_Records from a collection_
================
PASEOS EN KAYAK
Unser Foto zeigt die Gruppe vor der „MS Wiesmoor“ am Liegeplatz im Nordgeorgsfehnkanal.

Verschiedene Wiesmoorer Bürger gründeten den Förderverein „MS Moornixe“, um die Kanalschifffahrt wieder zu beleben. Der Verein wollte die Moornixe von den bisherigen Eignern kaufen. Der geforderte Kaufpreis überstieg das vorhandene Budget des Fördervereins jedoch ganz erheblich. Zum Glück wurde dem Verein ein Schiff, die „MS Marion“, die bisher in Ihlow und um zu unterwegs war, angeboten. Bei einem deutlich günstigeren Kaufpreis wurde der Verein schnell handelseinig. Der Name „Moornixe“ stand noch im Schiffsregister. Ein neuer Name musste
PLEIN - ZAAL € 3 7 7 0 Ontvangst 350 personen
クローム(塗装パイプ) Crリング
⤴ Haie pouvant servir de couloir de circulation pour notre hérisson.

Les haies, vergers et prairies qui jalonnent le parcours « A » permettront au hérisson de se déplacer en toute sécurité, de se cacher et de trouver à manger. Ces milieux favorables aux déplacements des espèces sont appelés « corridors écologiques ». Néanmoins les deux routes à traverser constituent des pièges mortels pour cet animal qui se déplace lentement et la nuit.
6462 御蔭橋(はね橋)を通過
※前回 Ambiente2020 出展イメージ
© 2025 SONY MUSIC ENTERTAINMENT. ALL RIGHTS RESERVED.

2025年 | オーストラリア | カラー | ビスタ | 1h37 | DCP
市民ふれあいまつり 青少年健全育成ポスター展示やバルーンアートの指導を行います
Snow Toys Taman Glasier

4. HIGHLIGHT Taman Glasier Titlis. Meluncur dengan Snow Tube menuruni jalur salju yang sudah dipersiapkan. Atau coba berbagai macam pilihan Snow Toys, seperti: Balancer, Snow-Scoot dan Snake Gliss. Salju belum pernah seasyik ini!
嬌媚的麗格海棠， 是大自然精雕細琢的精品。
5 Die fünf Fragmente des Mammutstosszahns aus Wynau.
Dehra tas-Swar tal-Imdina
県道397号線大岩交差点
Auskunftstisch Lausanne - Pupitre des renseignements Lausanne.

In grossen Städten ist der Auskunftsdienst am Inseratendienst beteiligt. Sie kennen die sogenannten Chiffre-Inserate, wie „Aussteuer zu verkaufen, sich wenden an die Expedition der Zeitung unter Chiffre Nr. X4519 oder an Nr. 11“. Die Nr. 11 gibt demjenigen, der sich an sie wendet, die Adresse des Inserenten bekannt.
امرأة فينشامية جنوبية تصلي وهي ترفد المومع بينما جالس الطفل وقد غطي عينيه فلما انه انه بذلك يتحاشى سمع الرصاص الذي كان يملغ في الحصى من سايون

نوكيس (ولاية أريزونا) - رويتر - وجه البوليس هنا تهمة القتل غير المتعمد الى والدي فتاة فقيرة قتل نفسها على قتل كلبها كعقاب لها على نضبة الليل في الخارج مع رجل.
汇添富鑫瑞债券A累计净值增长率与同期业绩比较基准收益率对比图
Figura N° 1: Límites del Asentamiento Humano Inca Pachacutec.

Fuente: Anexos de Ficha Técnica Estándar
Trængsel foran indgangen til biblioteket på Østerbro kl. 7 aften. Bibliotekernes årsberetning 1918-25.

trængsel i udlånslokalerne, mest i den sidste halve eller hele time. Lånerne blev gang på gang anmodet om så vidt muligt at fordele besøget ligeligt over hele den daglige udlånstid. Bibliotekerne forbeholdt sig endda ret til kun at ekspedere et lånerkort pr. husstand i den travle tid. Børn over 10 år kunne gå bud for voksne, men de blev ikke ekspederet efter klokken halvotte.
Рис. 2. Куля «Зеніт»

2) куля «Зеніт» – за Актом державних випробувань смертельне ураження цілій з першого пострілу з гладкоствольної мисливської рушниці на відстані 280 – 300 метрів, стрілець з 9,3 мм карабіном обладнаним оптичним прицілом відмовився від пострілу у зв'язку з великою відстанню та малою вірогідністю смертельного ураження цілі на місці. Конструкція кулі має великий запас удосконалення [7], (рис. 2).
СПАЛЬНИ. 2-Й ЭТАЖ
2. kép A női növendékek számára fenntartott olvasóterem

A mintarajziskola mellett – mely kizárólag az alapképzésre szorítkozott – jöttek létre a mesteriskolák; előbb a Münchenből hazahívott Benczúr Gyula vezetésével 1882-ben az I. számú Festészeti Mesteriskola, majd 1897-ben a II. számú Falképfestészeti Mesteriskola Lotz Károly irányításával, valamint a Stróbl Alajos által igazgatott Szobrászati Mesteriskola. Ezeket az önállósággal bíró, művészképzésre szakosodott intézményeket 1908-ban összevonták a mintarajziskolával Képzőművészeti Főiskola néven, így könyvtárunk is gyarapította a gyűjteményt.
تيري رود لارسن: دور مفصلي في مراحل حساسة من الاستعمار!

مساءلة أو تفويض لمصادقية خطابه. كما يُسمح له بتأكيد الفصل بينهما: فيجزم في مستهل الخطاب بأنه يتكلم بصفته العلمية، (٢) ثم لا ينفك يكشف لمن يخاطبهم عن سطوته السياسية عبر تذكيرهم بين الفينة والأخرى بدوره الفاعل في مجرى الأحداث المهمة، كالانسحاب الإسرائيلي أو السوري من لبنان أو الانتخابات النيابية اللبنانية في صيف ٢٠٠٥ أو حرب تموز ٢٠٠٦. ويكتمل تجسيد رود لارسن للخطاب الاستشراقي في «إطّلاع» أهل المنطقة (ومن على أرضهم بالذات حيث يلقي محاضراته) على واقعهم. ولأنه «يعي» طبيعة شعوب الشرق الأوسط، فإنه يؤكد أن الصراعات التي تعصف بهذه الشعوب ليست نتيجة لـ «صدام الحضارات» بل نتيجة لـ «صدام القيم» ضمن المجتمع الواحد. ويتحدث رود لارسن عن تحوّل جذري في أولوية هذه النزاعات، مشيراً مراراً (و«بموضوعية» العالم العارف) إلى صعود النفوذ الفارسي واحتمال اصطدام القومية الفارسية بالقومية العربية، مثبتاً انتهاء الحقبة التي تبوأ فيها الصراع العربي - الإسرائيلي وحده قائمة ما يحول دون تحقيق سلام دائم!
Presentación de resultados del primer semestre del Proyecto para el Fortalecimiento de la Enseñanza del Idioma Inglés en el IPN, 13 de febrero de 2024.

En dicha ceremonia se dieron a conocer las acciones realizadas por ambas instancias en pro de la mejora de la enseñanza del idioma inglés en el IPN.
================
_Your task_
Only the lines from the beginning of the data above through the line containing "pour notre hérisson." should be repeated, exactly as they appear.

_Solution to this task_
PASEOS EN KAYAK
Unser Foto zeigt die Gruppe vor der „MS Wiesmoor“ am Liegeplatz im Nordgeorgsfehnkanal.

Verschiedene Wiesmoorer Bürger gründeten den Förderverein „MS Moornixe“, um die Kanalschifffahrt wieder zu beleben. Der Verein wollte die Moornixe von den bisherigen Eignern kaufen. Der geforderte Kaufpreis überstieg das vorhandene Budget des Fördervereins jedoch ganz erheblich. Zum Glück wurde dem Verein ein Schiff, die „MS Marion“, die bisher in Ihlow und um zu unterwegs war, angeboten. Bei einem deutlich günstigeren Kaufpreis wurde der Verein schnell handelseinig. Der Name „Moornixe“ stand noch im Schiffsregister. Ein neuer Name musste
PLEIN - ZAAL € 3 7 7 0 Ontvangst 350 personen
クローム(塗装パイプ) Crリング
⤴ Haie pouvant servir de couloir de circulation pour notre hérisson.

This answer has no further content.